— Что вы все отец да отец... Вымахали под потолок, а из пеленочек так и не выкарабкались...
— Я очень люблю своего отца, — как само собой разумеющееся сказал Роман.
— А меня? — Инна даже отодвинулась от стола, будто всю себя показывая Роману.
— Знаете... — сказал Роман. — Мне кажется...
— Не продолжайте, — весело перебила его Инна. — Когда молодым людям только кажется, лучше сразу ставить на совместном будущем крестик. Наливайте, мой милый друг.
— Мне кажется, — упрямо продолжил Роман, — что я не давал вам повода для сомнений.
Инна выпила, чуть прикрыв глаза,
— Еще, — попросила, приподняв рюмку.
Они говорили много и о разном, Инна была оживленной, глаза у нее загадочно мерцали, и Роману вдруг нестерпимо захотелось сказать ей что-нибудь очень доброе, ласковое. Но нужные слова не находились, и он смущенно молчал, лишь короткими фразами поддерживая разговор.
— Выключите верхний свет, — попросила Инна, — при бра будет уютнее. Вы знаете, для чего придумали бра? Чтобы тихим сумраком отделить реальное от желаемого. Не очень понятно? Вам следует выпить, и все станет проще.
— Мне не хочется. И так хорошо. Может, и вам не надо столько? — предостерег он.
— Надо, мой стеснительный рыцарь, надо.
— Вам не идет...
— В самом деле? А Борис Маркович говорил, что у меня это красиво получается. Вы знаете, кто такой Борис Маркович?
— Нет, и не хочу знать. — У Романа начало портиться настроение.
— Это было недавно, это было та-ак давно...
— Я же сказал — не хочу слышать. В истории есть такой термин: до исторической эры. Там было много неясного, на заре человеческой жизни. Так вот, будем считать, что у вас тоже была такая эра — до меня...

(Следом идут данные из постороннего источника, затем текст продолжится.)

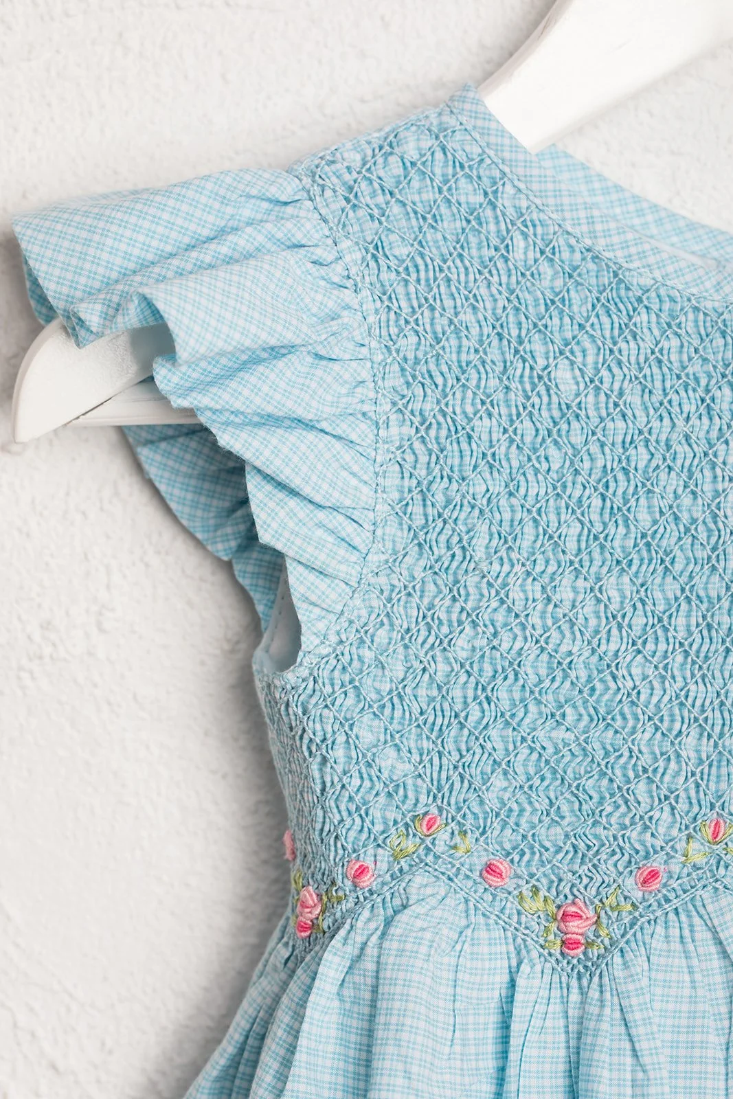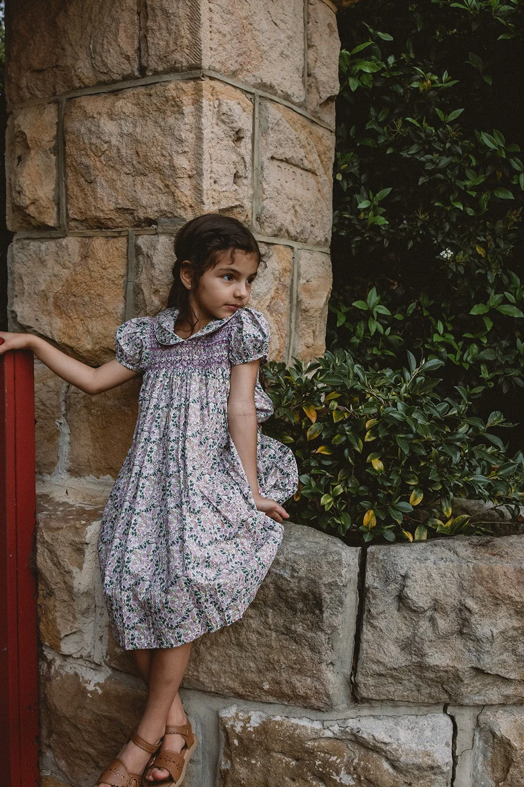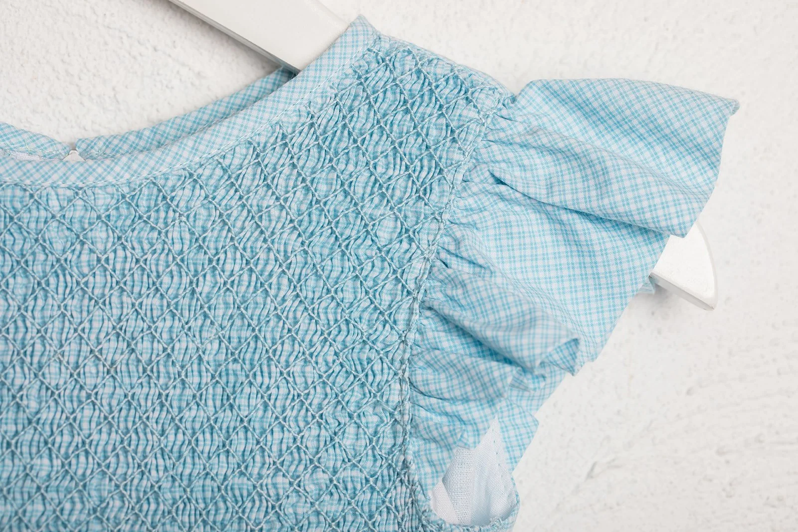 Chest measurements are made from armpit to armpit. Length measurements are made from shoulder to gusset. The handmade nature of our dresses means the measurements will be subject to a tolerance of approx +/- 1cm. Smocking in itself is an inexact artform, and also provides an elasticity to the dress’ fit.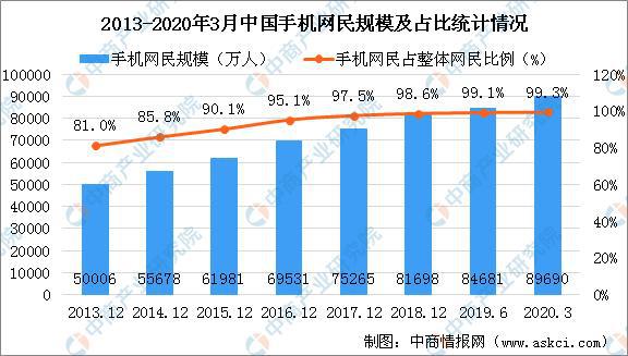 截至2020年3月,我國手機網民規模為8.97億,較2018年底新增手機網民7992萬,網民中使用手機上網的比例為99.3%,較2018年底提升0.7個百分點。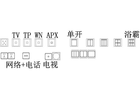 本资料为:2019最新收集的开关插座CAD图例图块(非常全面),内含包括:单开,浴霸,网络+电话,电视等,内容详实,可供设计师下载参考。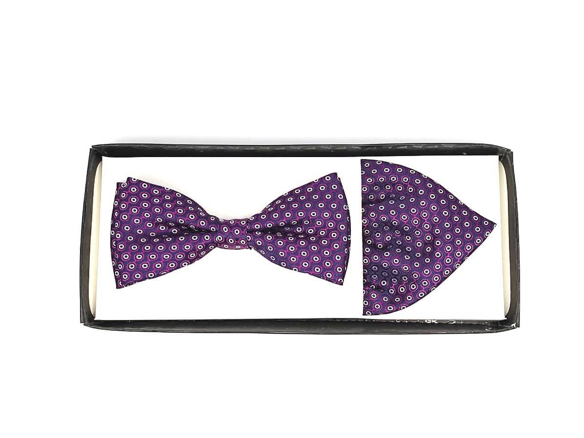 Zestaw mucha plus poszetka granatowo fioletowa. Mucha to dodatek, który stanowi bazę garderoby eleganckiego mężczyzny. Zgodnie z płynącym obecnie trendy modowym nie ma obowiązku, który mówiłby o łączeniu jej z frakiem czy kołnierzykiem łamanym przy koszuli. Moda nowoczesna zestawia muchę nie tylko ze stylem eleganckim, ale również z luźnym i sportowym strojem. Niebanalna mucha orzeźwi tradycyjny garnitur, jak również wyśmienicie będzie się komponować ze sportową marynarką czy luźnym kardiganem.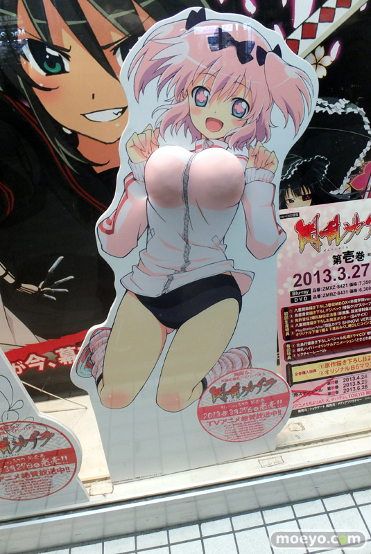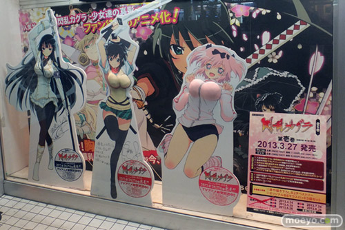 アニメ「閃乱カグラ」のBlu-ray/DVDの第壱巻が3月27日に発売されます。その告知で、アキバのとらのあな秋葉原店Bのショーケースで、斑鳩、飛鳥、雲雀のおっぱいが大迫力の立体で再現された「爆乳スタンディ」の展示が開始!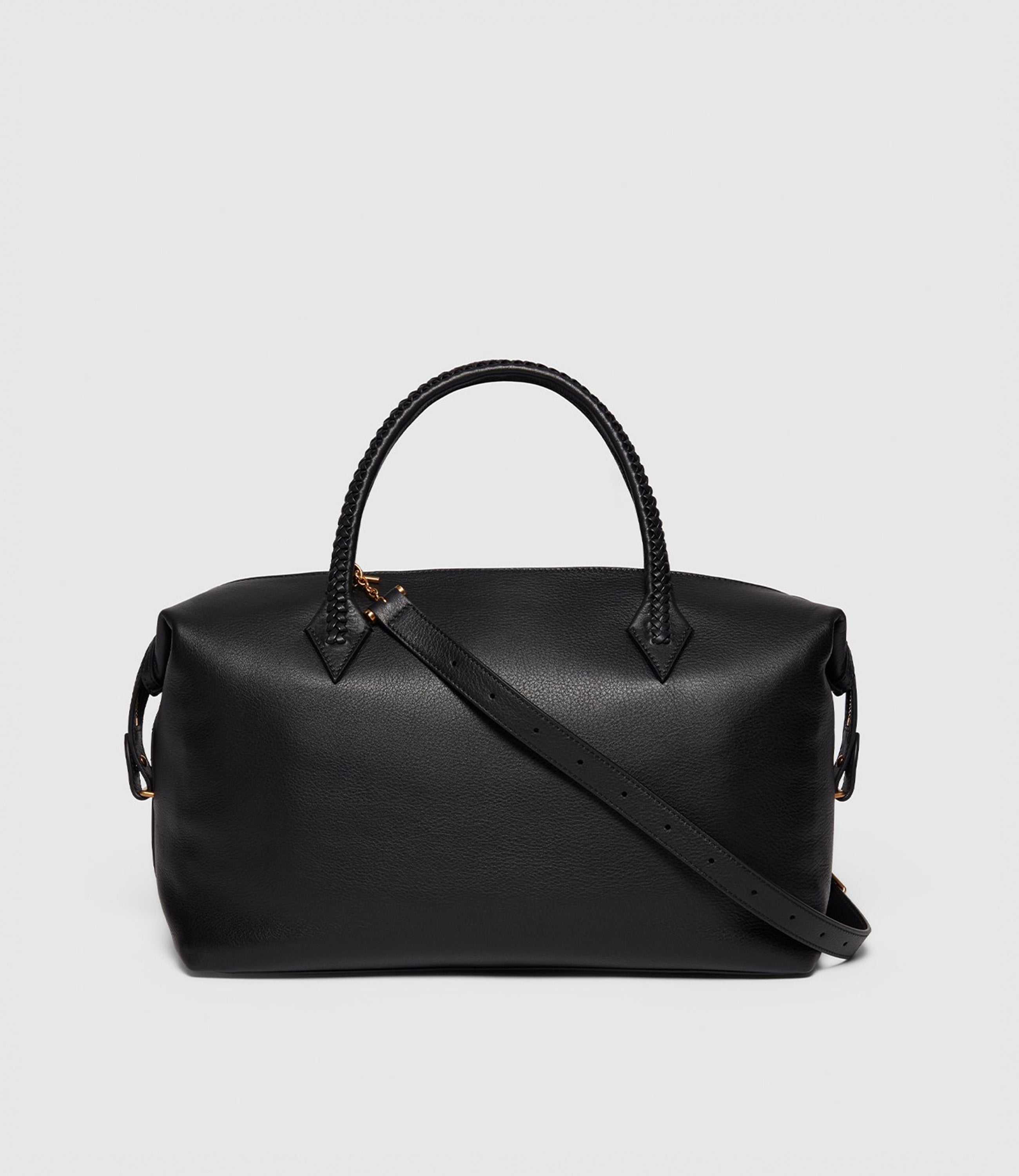 Our essential day bag, the Vérité City is classic, refined and extraordinarily lightweight, with room for a 14” laptop and much more. It features a discreet exterior magnetic pocket for easy access to your essentials, as well as an interior pouch that snaps out to become a smaller shoulder bag. Handcrafted in Italy with signature braided handles, solid brass hardware and a detachable shoulder strap. Formerly the Perriand.

— Вы благородны, Роман, это сейчас редкость. А я хотела вам все-все начистоту.
Роману был неприятен этот разговор. Что за странная манера — то слова о себе не проронит, то хочет исповедоваться?.. Но чужие секреты — нелегкая ноша. Они могут лечь увесистым камнем на тонкую ткань отношений человека к человеку. И кто знает, как пройдет такое испытание на прочность? Конечно, у Инны есть свое прошлое, но какое ему, Роману, до него дело? Да и не любил Роман копаться в тайнах, принадлежащих другим. Отец всегда говорил, что один из необходимейших элементов порядочности — умение не лезть в чужую жизнь.
— А кассета, между прочим, отбарабанила свое, — напомнила Инна.
Роман, задумавшись, не заметил, что кассетник замолчал.
— Сейчас мы поставим нечто из современного репертуара, — бодро сказал он.
Музыка была странной — бурной, волнующей, грозно спокойной, до невероятности просторной. Она заполнила собой всю комнату, и Роман сам себе показался маленьким, беспомощным перед ее необъятностью.
Инна равнодушно прислушалась:
— Что-то незнакомое...
— Опера «Иисус Христос».
— Вы что, тоже в религию ударяетесь?
— Связи между этой оперой и религией весьма относительные. Кстати, почему «тоже»?
— Был у меня один знакомый чудик — помешался на иконах. Мог часами о них рассказывать.
— Хорошее увлечение, — серьезно сказал Роман. — Ведь многие из старых икон — настоящие шедевры живописи. А почему вы так странно говорите о своем приятеле? Вы что, поссорились?
— А вы уже ревнуете? — Инна улыбнулась.
— Нет, что вы! Раз вы со мной, значит, у меня нет оснований для ревности.
— Вы, как всегда, правы. А мой приятель... Он сейчас далеко-далеко, где кочуют туманы...
— Уехал с искусствоведческой экспедицией? На русском Севере, говорят, есть еще заповедные места, сохранились изделия народных умельцев.
Инна с удивлением посмотрела на Романа.
— Нет, вы все-таки какой-то странный...
Роман вскочил со стула, зашагал по комнате.
— Да нет, обычный, а вот вы, Инна, вся в каких-то недомолвках, оговорках, всюду вам видятся сложности. Простите, что я это говорю. Но иногда трудно вас понять — будто говорим на разных языках.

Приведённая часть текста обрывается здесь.